Закон об образовании, который сейчас разрабатывается, стремится переделать нашу систему на западный манер. Но наша централизованная система присвоения степеней возникла в советский период. Монополия в образовании, как и в экономике, ― это типичное свойство социализма. При капитализме существует рыночная система, как в экономике, так и в образовании. Каждый предлагает свой товар, каждая фирма старается сделать его лучше, поэтому существует нормальная конкуренция. Так же в Европе каждый университет выдает свой диплом. Там нет государственных стандартов. Если так когда-нибудь будет устроено образование в России, то у нас также появятся равноправные степени, полученные от государственного вуза, от церковной Духовной академии, от еще какого-нибудь университета или иной высшей школы.

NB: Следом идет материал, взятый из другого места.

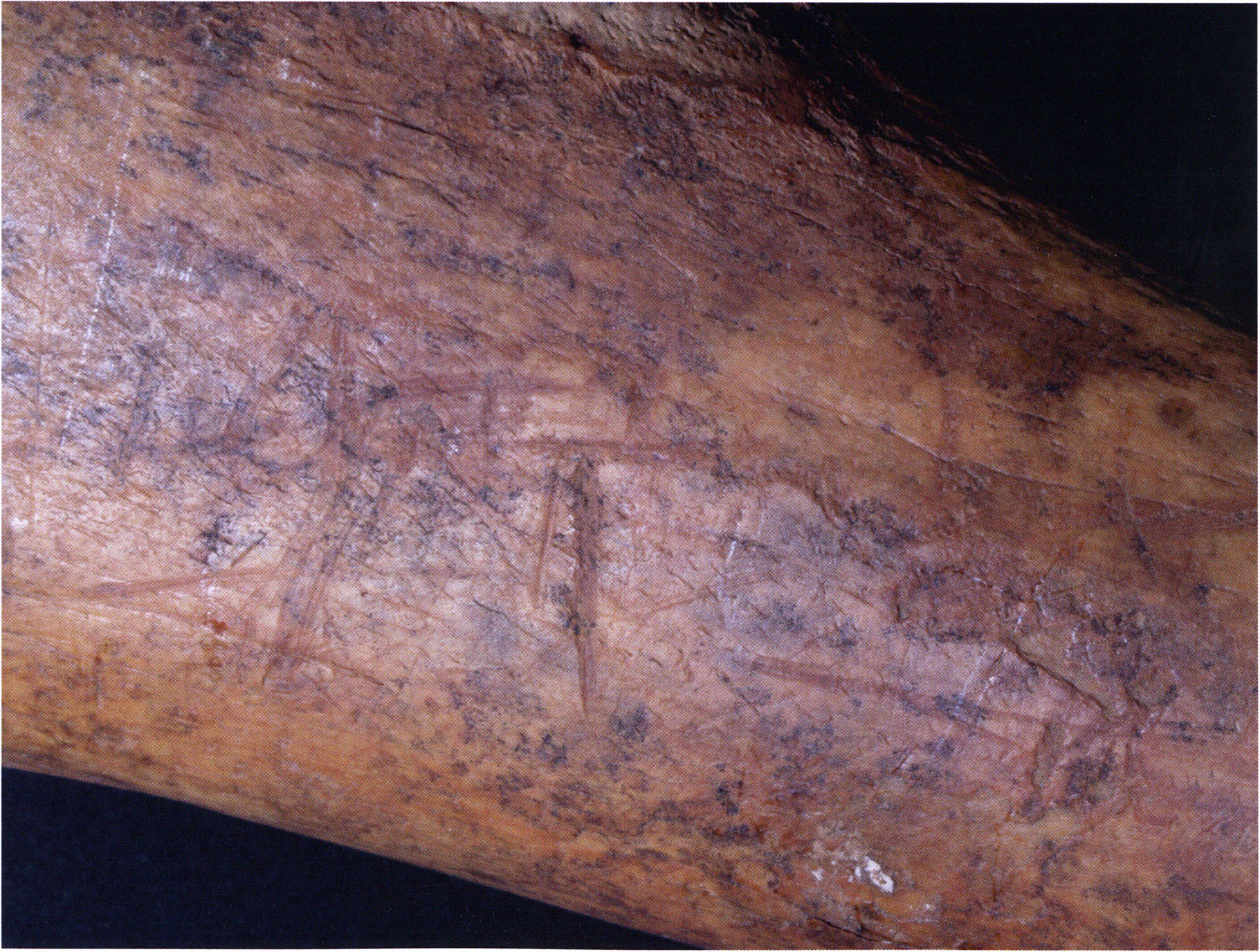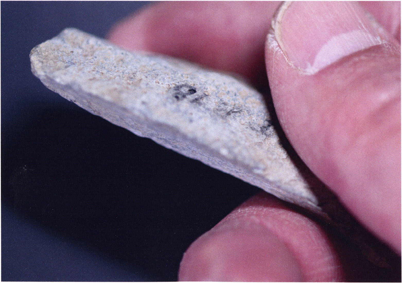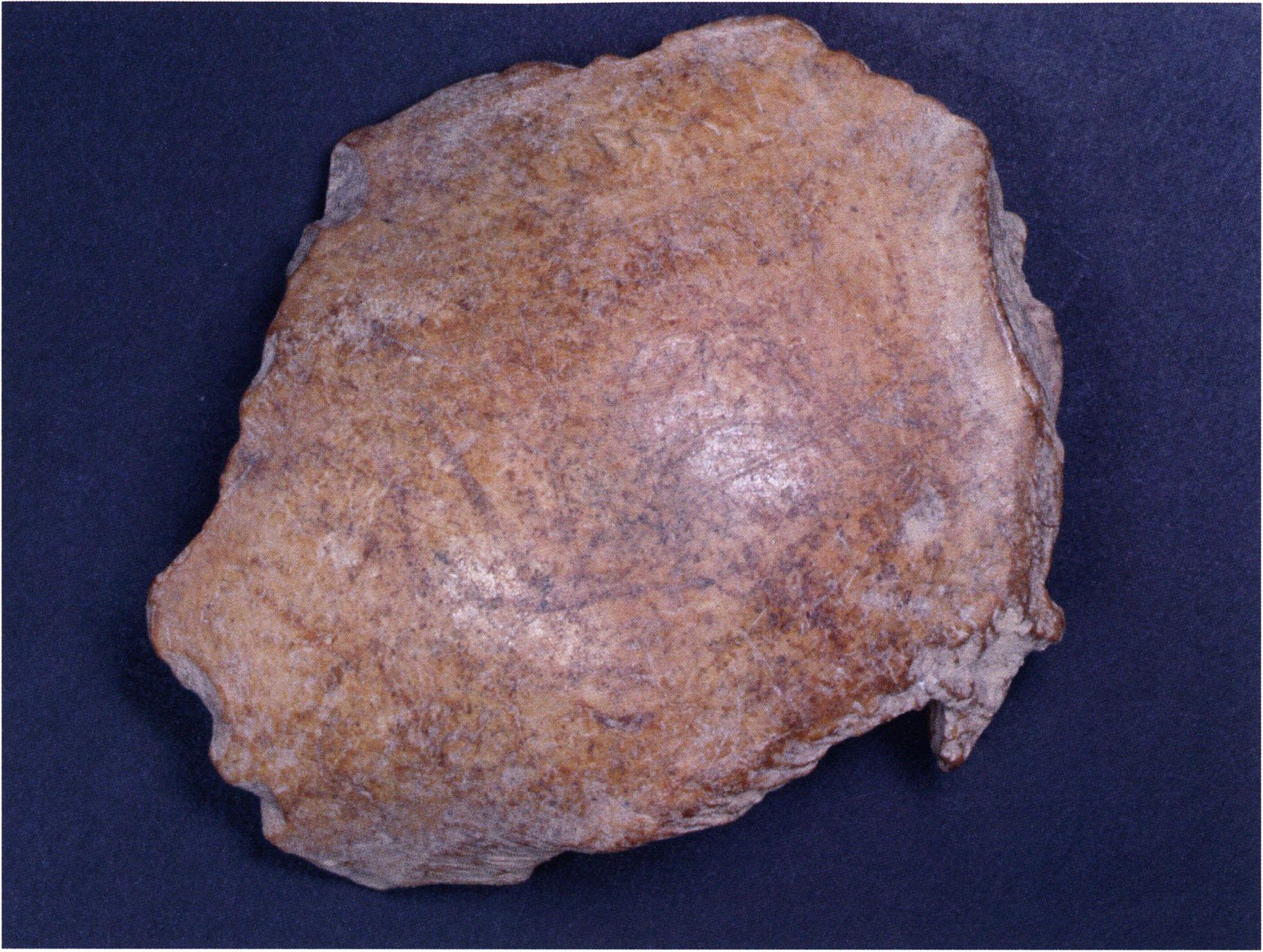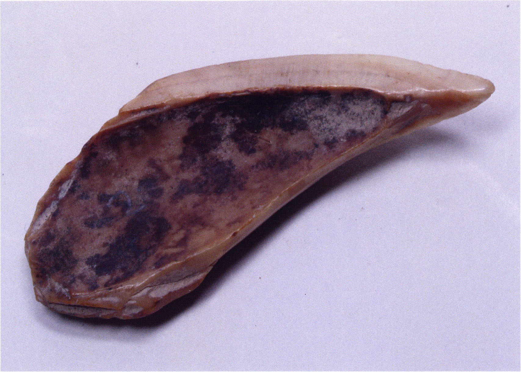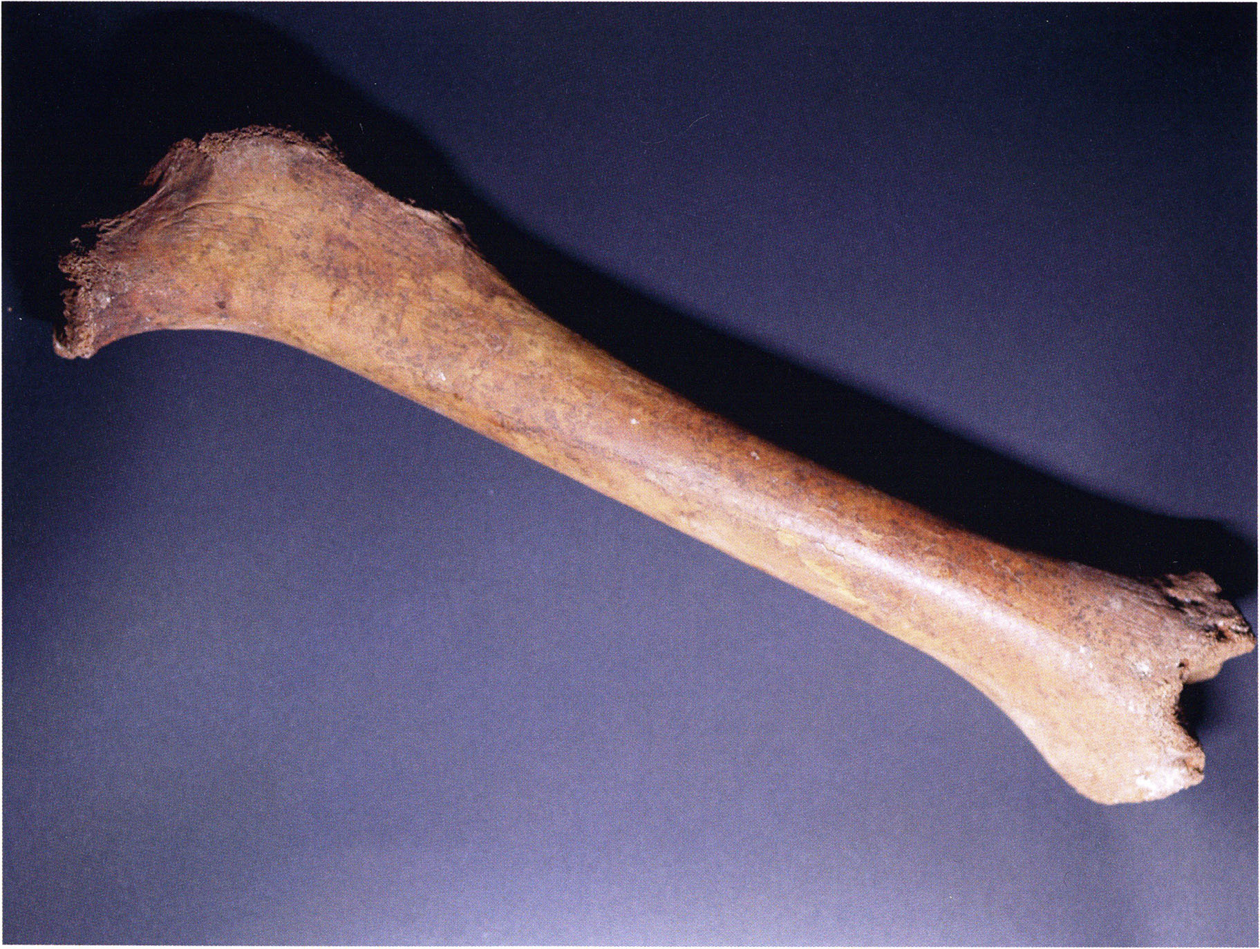 Figs. 173 a–c, pp. 371 f.: 89 mm long rib fragment with polished flute-beak fracture at one of the two fracture sites, numerous fine scratch marks on the outer surface from working, and the inscription "H III section 9, 1 m right." — This inscription is partially somewhat faded — notably the "r" — visible only upon closer inspection — not "l"! — of "right" (of the axis). For this stated location Nigg records in 1923, p. 27, as accompaniment of a third skull depot in the 9th section metre of H III, 1st m right of the axis, in the 2nd layer resting immediately on the 3rd layer: "a suspicious rib piece"! We can be almost certain that the photographed piece is this "suspicious rib piece"! — (a) Outer surface. (b) Outer surface of the polished flute-beak fracture end. (c) Inner surface.

― То есть диплом МГУ и диплом Духовной академии будут равны?
― В будущем в принципе могут оказаться равны в смысле юридической правомочности. К этому надо стремиться. Сейчас до этого пока еще далеко, думаю, пройдет еще немало лет, прежде чем это сможет произойти.
― Отец Владимир, в связи с предполагаемым признанием теологии ВАКом закономерно возникает вопрос: как будет обстоять дело с другими конфессиями?
― Другие религии (речь идет, конечно, о традиционных), безусловно, находятся в равных условиях с Православием.
― Вопрос об официальном признании теологии научной дисциплиной в России дискутируется уже несколько лет. За положительное решение этого вопроса выступают многие, но и противников «реабилитации» теологии немало. Особенно часто голоса «против» раздаются из стана ученых-религиоведов. В этой связи хотелось бы уточнить: в чем вообще основное различие между религиоведением и теологией? Почему религиоведов не устраивает теология, а Церковь не устраивает религиоведение?
― Во-первых, сказать, что нас это не устраивает совершенно, нельзя. Мы не против религиоведения. Религиоведение и теология соотносятся примерно, как музыка и музыковедение. Одному нужна лекция по музыке, а другому нужна сама музыка. Одно другому не мешает, но одно другого и не заменяет. Думаю, если кому-то нужна сама музыка, то лекций будет недостаточно.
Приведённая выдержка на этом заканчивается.